Chapter 6 Flashcards
What are the arguments for the classical cognitive science approach to music?
CLASSICAL MUSIC (Austro-German):
- Formal structure
- Formal structure that is content laden (meaningful representations)
- Abstract though inside an agent > environment
- Central control
- Challenges which arise to the “classical” model
How does the notion of formalism serve to link classical music and classical cognitive science?
Thinking = rule-governed manipulation of symbols; the laws of thought are equivalent to the formal rules that define a system of logic (classical cog-sci)
The mathematical nature of music; classical music is expected to have a hierarchically organized, well-formed structure ie. the sonata-allegro form, or physics of sound waves, or music analogous to language (classical music)
How does the idea that musical form is essential to communicating musical meaning establish a parallel between classical music and classical cognitive science?
The intentional stance; if one assumes that an agent has certain intentional states and that lawful regularities (ie. the principle of rationality) govern relationships between the contents of these states, then one can use the contents to predict future behaviour (classical cog-sci)
Exploitation of certain musical forms; conventions such as the sonata-allegro form provide a structure that generates expectations, which are often presumed to be shared by the audience [parallel to the intentional stance] (classical music)
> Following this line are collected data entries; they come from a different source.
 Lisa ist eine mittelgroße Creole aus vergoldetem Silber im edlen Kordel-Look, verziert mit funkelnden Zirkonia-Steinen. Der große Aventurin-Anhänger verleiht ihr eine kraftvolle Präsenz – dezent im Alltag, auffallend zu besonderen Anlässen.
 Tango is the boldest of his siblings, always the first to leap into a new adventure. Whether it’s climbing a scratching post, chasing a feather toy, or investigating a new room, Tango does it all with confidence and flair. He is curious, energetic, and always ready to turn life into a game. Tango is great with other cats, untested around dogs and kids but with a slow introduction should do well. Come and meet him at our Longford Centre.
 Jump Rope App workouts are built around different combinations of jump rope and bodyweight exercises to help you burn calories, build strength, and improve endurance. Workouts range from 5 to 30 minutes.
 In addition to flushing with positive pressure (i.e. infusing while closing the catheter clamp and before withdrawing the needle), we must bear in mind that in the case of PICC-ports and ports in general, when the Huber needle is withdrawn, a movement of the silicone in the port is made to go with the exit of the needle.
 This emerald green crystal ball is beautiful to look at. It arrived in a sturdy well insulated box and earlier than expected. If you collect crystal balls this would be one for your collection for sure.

How does the emphasis on Cartesian disembodiment provide a link between classical music and classical cognitive science?
sense-think-act cycle; with emphasis on the think, on representations and focus on multiple realizations and functionality rather than physical accounts (classical cog-sci)
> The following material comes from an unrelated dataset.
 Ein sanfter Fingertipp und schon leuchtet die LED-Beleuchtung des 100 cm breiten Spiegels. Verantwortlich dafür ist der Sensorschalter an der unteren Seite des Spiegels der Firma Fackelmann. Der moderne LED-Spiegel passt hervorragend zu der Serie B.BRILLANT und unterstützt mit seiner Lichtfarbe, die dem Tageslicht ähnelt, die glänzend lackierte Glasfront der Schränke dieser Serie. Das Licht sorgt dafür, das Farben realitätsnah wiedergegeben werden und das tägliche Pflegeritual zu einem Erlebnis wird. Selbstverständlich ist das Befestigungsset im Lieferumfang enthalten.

composers carry their compositions around in their “heads”, and abstract thinking appears to be a pre-req for composing - you mentally plan a piece, not “cognitively-scaffold” it at your instrument (classical music)
How does central control provide a link between classical music and classical cognitive science?
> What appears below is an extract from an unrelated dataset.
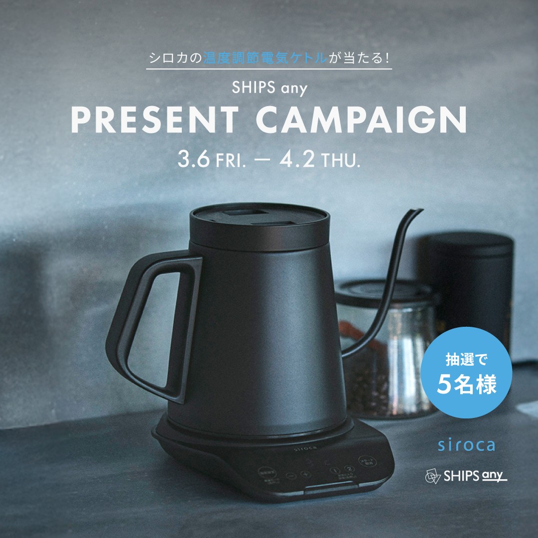 またSHIPS any 各店舗では、3月6日(金)~4月2日(木)までの期間中、税込5,000円以上お買い上げで、ご応募いただいた方の中から5名様にシロカの「温度調節電気ケトル」が当たるプレゼントキャンペーンを実施いたします。
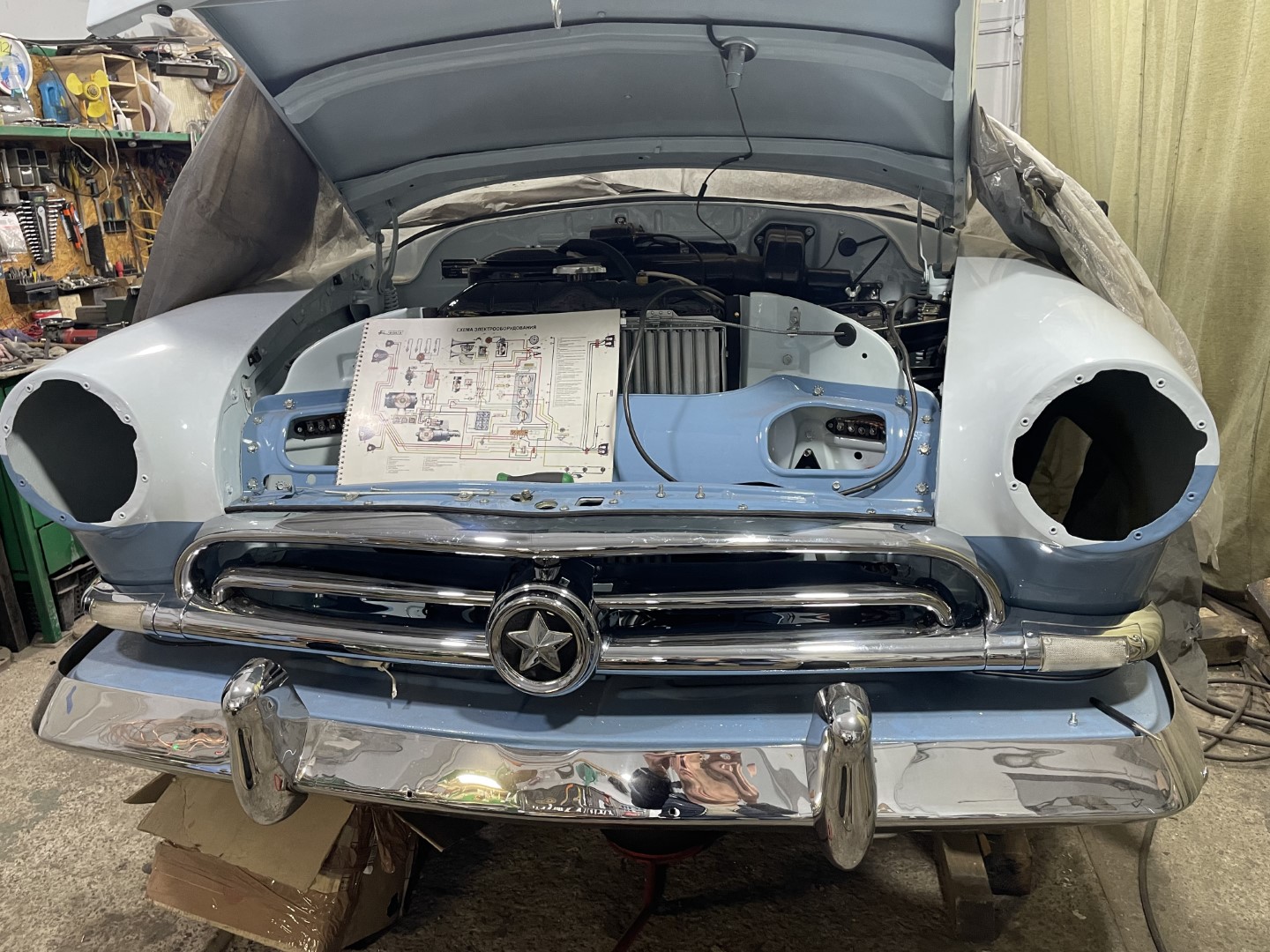 Papid paika pandud ja siis need koos kinnitusvahenditega pealt mustaks värvitud. Hiljem ka mootoriruum värvitud ja seepärast nad ka sealt poolt värvised. Neid suuri mustaks värvitud seibe kasutati ka varasemalt Pobedadel ja peale vanade Volgade ka "uuel" Volgal, mudelinumbriga 24.

Planning is the problem of what to do next, and an account of the control system of a planning agent solve this problem - the control system describes the mechanism that determines the sequence in which operations will be performed, and this control system is usually central (classical cog-sci)
The composer writes his music down using musical notations, and the score brings it to life (one type of central control). The conductor also takes the role of interpreter and controls the orchestra (the other type of central control system) (classical music)
What is the audience’s role in classical music?
NONE; bam. The audience doesn’t affect the existence of the piece, which is very much an aspect of classical cognitive science - methodological solipsism and disembodiment.
How do modern reactions against classical music link it to classical cognitive science?
Just like classical cognitive science had reactions to it’s formalism, to its abstract nature, via embodied and connectionist, so does classical music.
What is the classical approach to auditory perception?
Built on similar theories as those which conceptualize visual perception as building internal representations (think the underdetermination problem), auditory perception has hearing being viewed as a process for building internal representations of the world. Additionally, physical stimulation does not by itself determine the nature of auditory percepts, but rather, they are organized and grouped, and when listeners create mental representations of auditory input they must employ rules about what goes with what.
What are some solutions to the the “building mental representations” theory of auditory perception (classical cognitive science)?
The tone probe method!! Appealing to geometric relations to match the relationships between musical pitches. This reveals hierarchical organization of musical notes, with most stable (tonic) to least stable (those notes that aren’t in the context’s scale).
Applying Chomskian linguistics to music.
» novel stimuli need recursive rules
What is Krumhansl’s tonal hierarchy?
A classical representations between different musical keys; has a toroidal map derived from tonal hierarchies which provides one of the many examples of spatial representations that have been used to model regularities in the percept; is not merely a musical property but instead a psychologically impose organization of musical elements.
(stable = tonic
2nd stable = 3rd/5th
3rd stable = remaining notes in context’s scale
least stable = set of five notes that aren’t in the context’s scale)
What is the generative theory of tonal music?
A classical model of how psychological hierarchies of music are derived; Chomskyan linguistics being applied to musical cognition; all musical thinkers agree that musical syntax is a thing.
> > systems for both language and music must be capable of dealing with novel stimuli which (arguably) requires the use of recursive rules
while language conveys propositional thought, music does not
The linguistic analogues assign structural description to a musical piece:
- group structure (hierarchically organizes a piece into motives, phrases, and section)
- metrical structure (related the events of a piece to hierarchically organized alternations of strong and weak beats)
- time-span reduction (assigns pitches to hierarchy of structural importance that is related to grouping and metrical structures)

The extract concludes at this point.